The FDA’s renewed stance reinforces its October declaration, initiating a 60-day countdown for compounding pharmacies to cease production of tirzepatide copies. This move underscores Lilly’s successful efforts to increase manufacturing capacity and meet the surging demand for these medications. Lilly emphasized its commitment to providing patients with safe and approved medications, urging an immediate halt to the distribution of unapproved tirzepatide alternatives.
Compounding pharmacies, which had legally filled the supply gap during the shortage by producing tirzepatide, now face significant business challenges. The FDA’s decision effectively reinstates full patent enforcements for Lilly’s products.

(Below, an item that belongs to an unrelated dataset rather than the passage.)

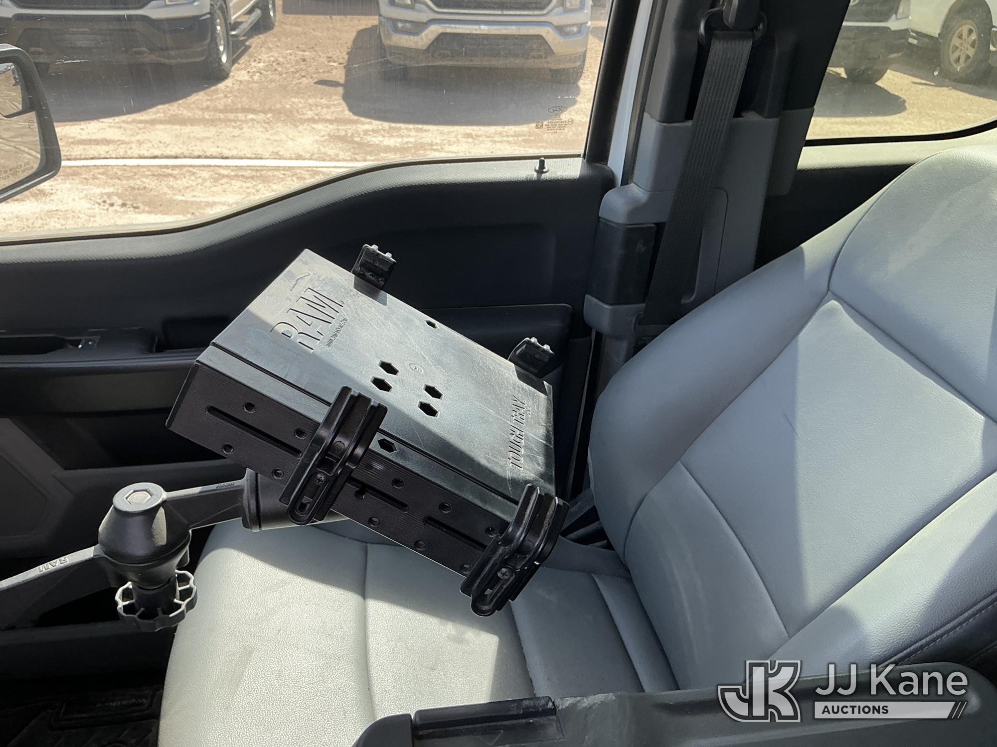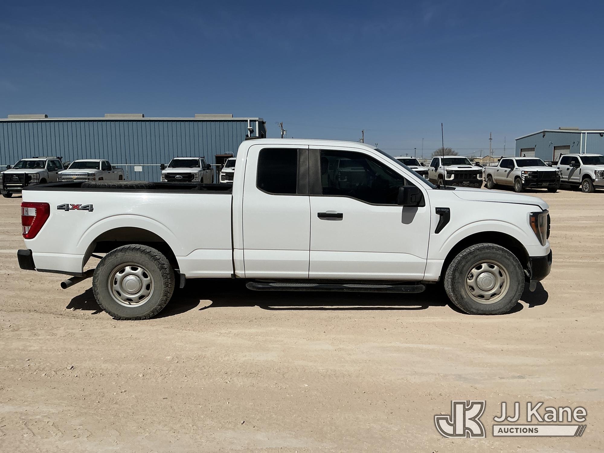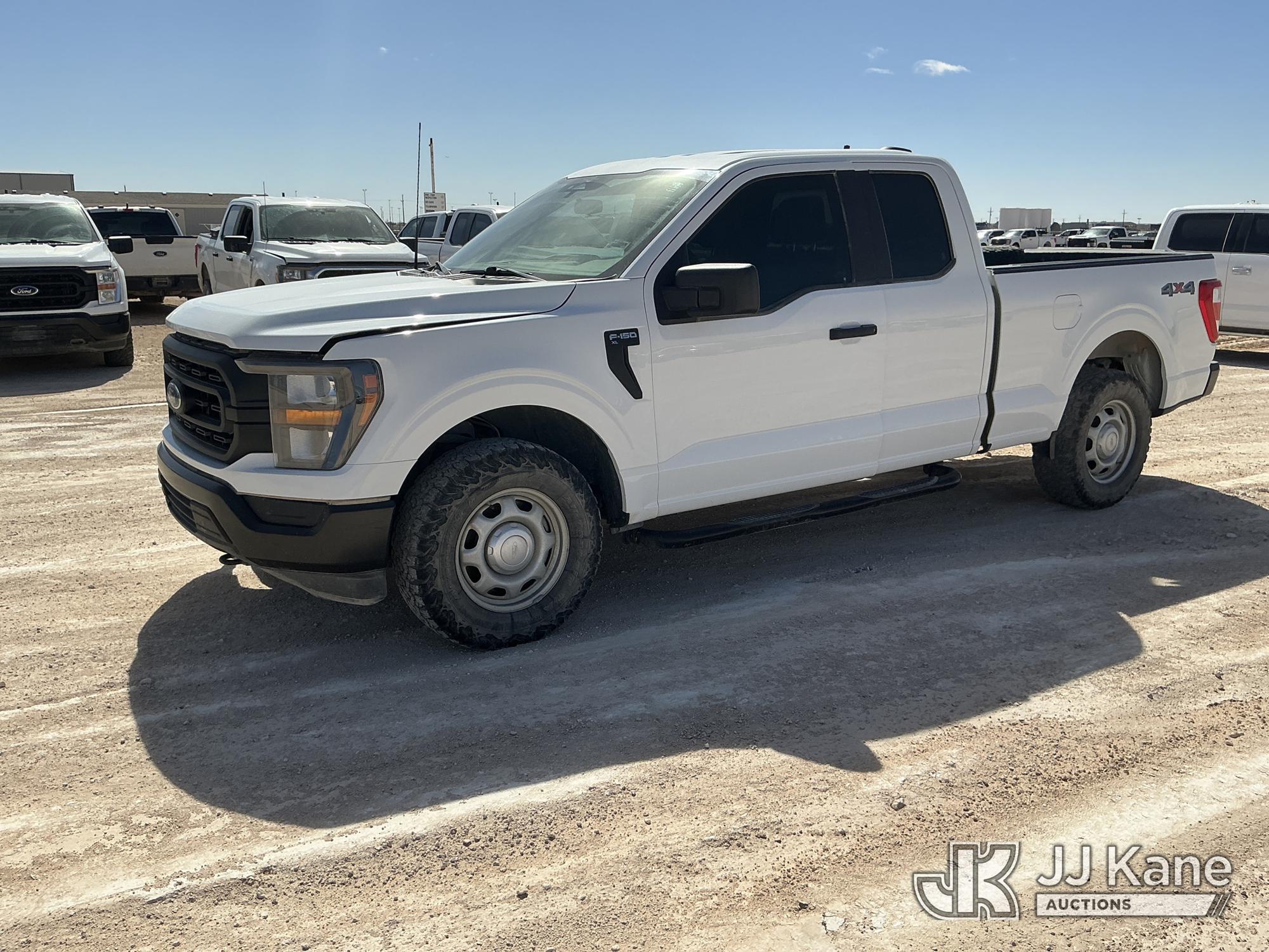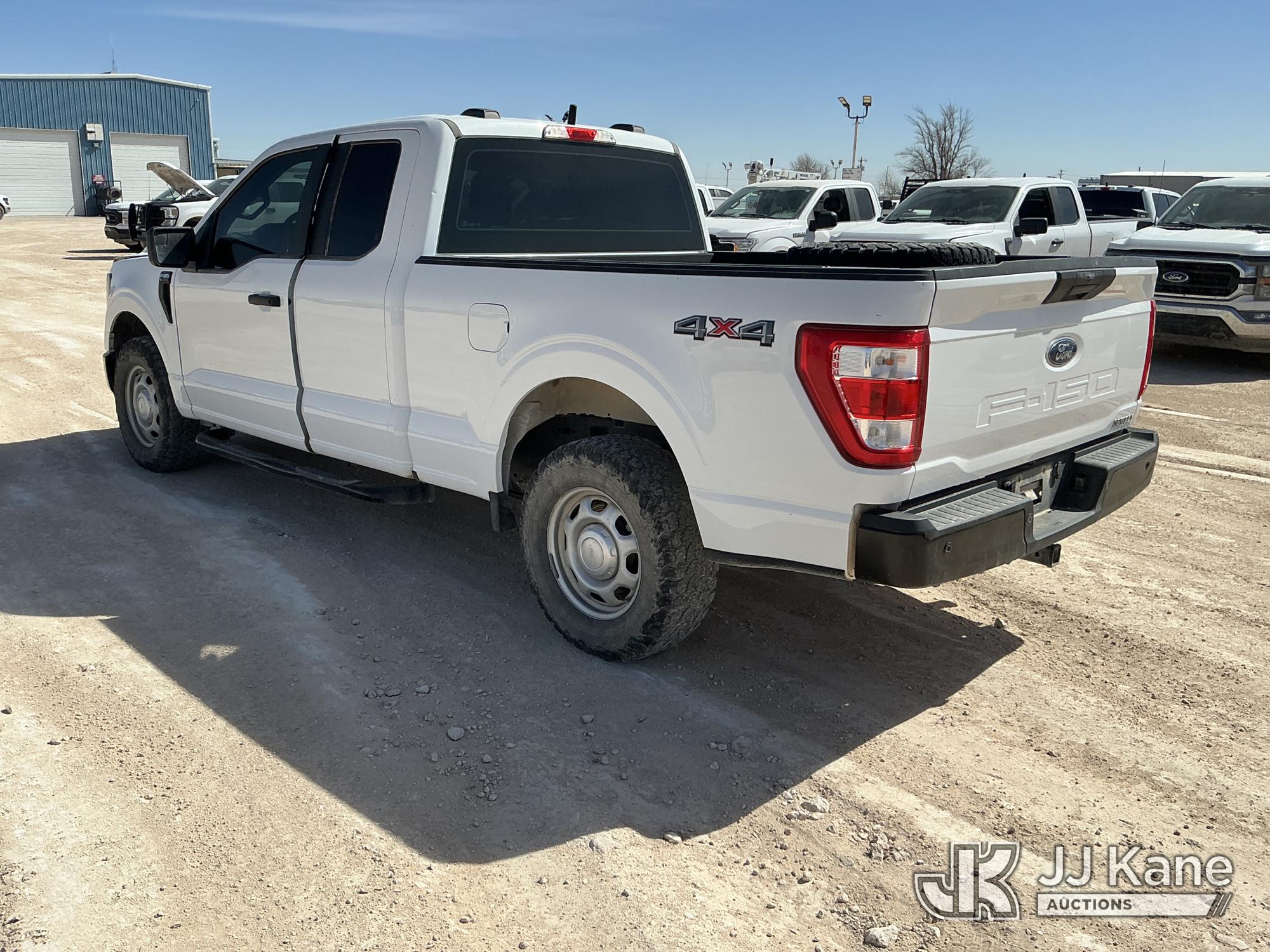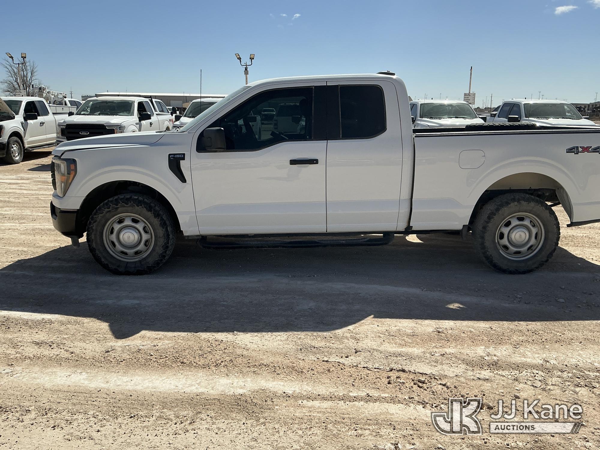 2023 Ford F-150 Extended-Cab Pickup Truck, 8-cyl gas, 4WD, 6-Speed Automatic, A/C, with Cab Mounted Computer Stand, Bed Mounted Toolbox , (103,618 miles) (Runs & Moves) (Jump To Start, Check Engine Light Is On, Transmission Shift System Fault Message Alert, Transmission Shifts Rough, Engine Idles Rough, Service Light Is On, Body Damage Dents & Scratches All Around) (Reads 7,129 hours) This is a Titled Item*

This shift also impacts Novo Nordisk (NVO), whose GLP-1 drugs, Ozempic and Wegovy, are anticipated to be removed from the FDA shortage list following the company’s November notification of increased availability.
The repercussions extend to telehealth platforms like Allurion (ALUR) and Hims & Hers (HIMS), which had incorporated tirzepatide and semaglutide copycats into their weight-loss programs. Allurion’s stock plummeted over 13%, while Hims experienced a nearly 10% decline. While analysts at Piper Sandler suggest Hims may be unaffected in the short term, the FDA’s firm stance signals a stricter approach towards compounding pharmacies, potentially necessitating closer collaboration with pharmaceutical companies for future access to these medications.

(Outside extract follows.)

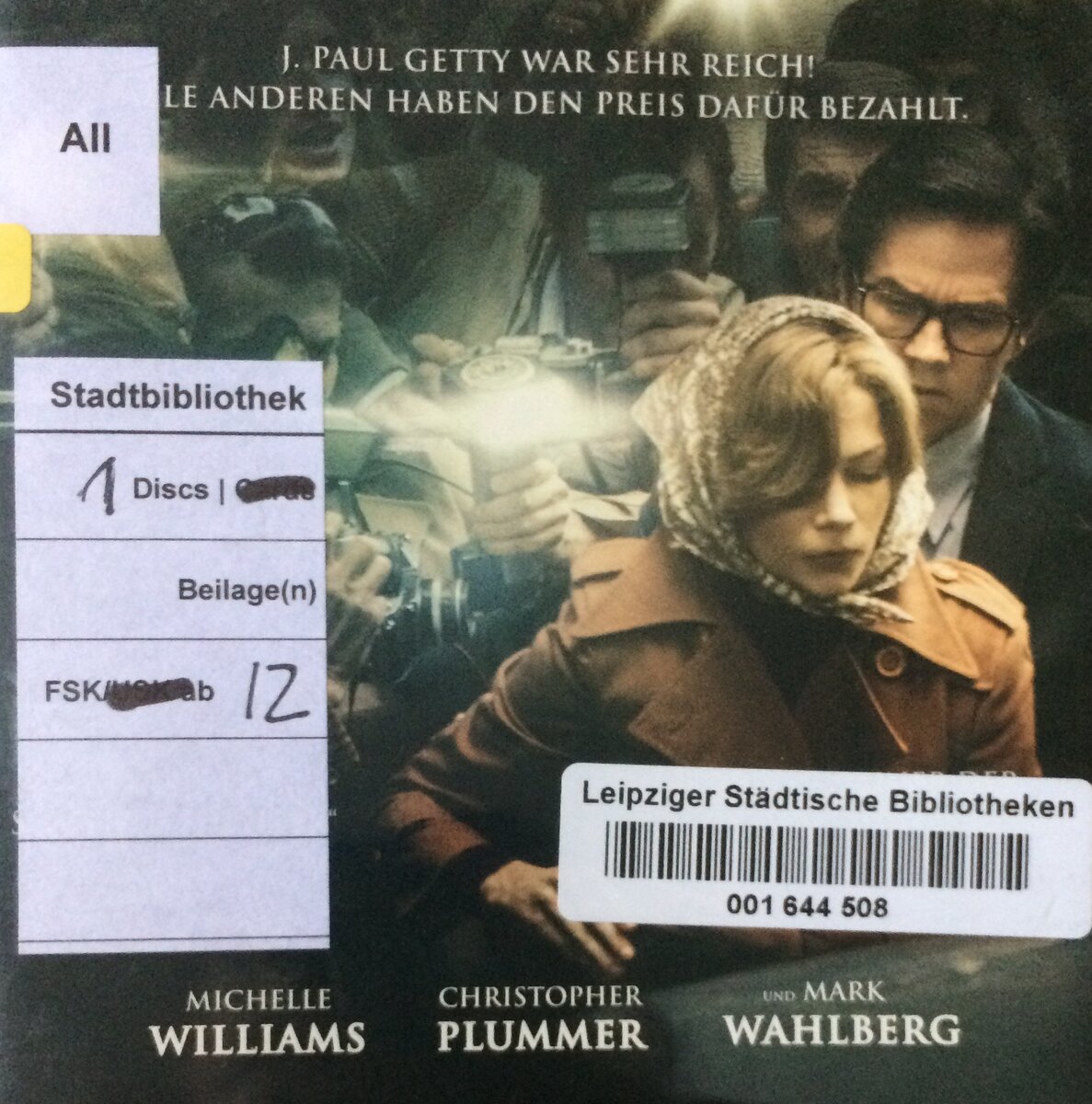Фильм от +12 Все деньги мира. Посмотрел на немецком языке. Фильм про 16-ти летнего парня отправившегося на прогулку в Италии. Внук одного нефтяного магната из Калифорнии. Поэтому парня похитили, не то коммунисты не то цыгане . Попросили выкуп 17 миллионов. Мать парня попросила дедушку миллиардера заплатить выкуп, но тот отказался на том основании, что у него ещё 14 внуков. Предостеречь их чтобы они остерегались бродить по ночам где попало. В общем он сказал что на всех денег не напасёшься. Фильм не плохой снят хорошо. Даже удивительно что создатели фильма запихали в него самые красивые виды архитектуры. Дедушка миллиардер ещё любил пошутить как подарить к примеру статуэтку матери парня сказав ей при этом что эта статуэтка антиквариат и стоит 1.5 миллиона, а потом выяснялось, что он купил ее за 10 долларов в туристическом магазине. Дед был очень жадный и коллекционировал древности. Парня потом освободили, но без уха, и без помощи деда. А дед через некоторое время умер, и его многоми

Sesame, a telehealth platform, proactively addressed this potential disruption by partnering with Eli Lilly to provide patients with access to branded medications like Zepbound at more affordable prices. This strategic move highlights the evolving landscape and the need for adaptability in the telehealth sector.
The Outsourcing Facilities Association, representing compounding pharmacies, expressed dissent with the FDA’s decision, arguing that patients still face difficulties accessing branded tirzepatide products. They cited ongoing reports of out-of-stock or limited availability from pharmacy distributors. Hims & Hers supported this claim by submitting a survey indicating continued shortages experienced by their members.
The FDA’s decision marks a critical juncture in the pharmaceutical and telehealth landscape, underscoring the importance of balancing patient access to essential medications with the protection of intellectual property rights. The long-term effects of this ruling on the availability and affordability of GLP-1 drugs remain to be seen.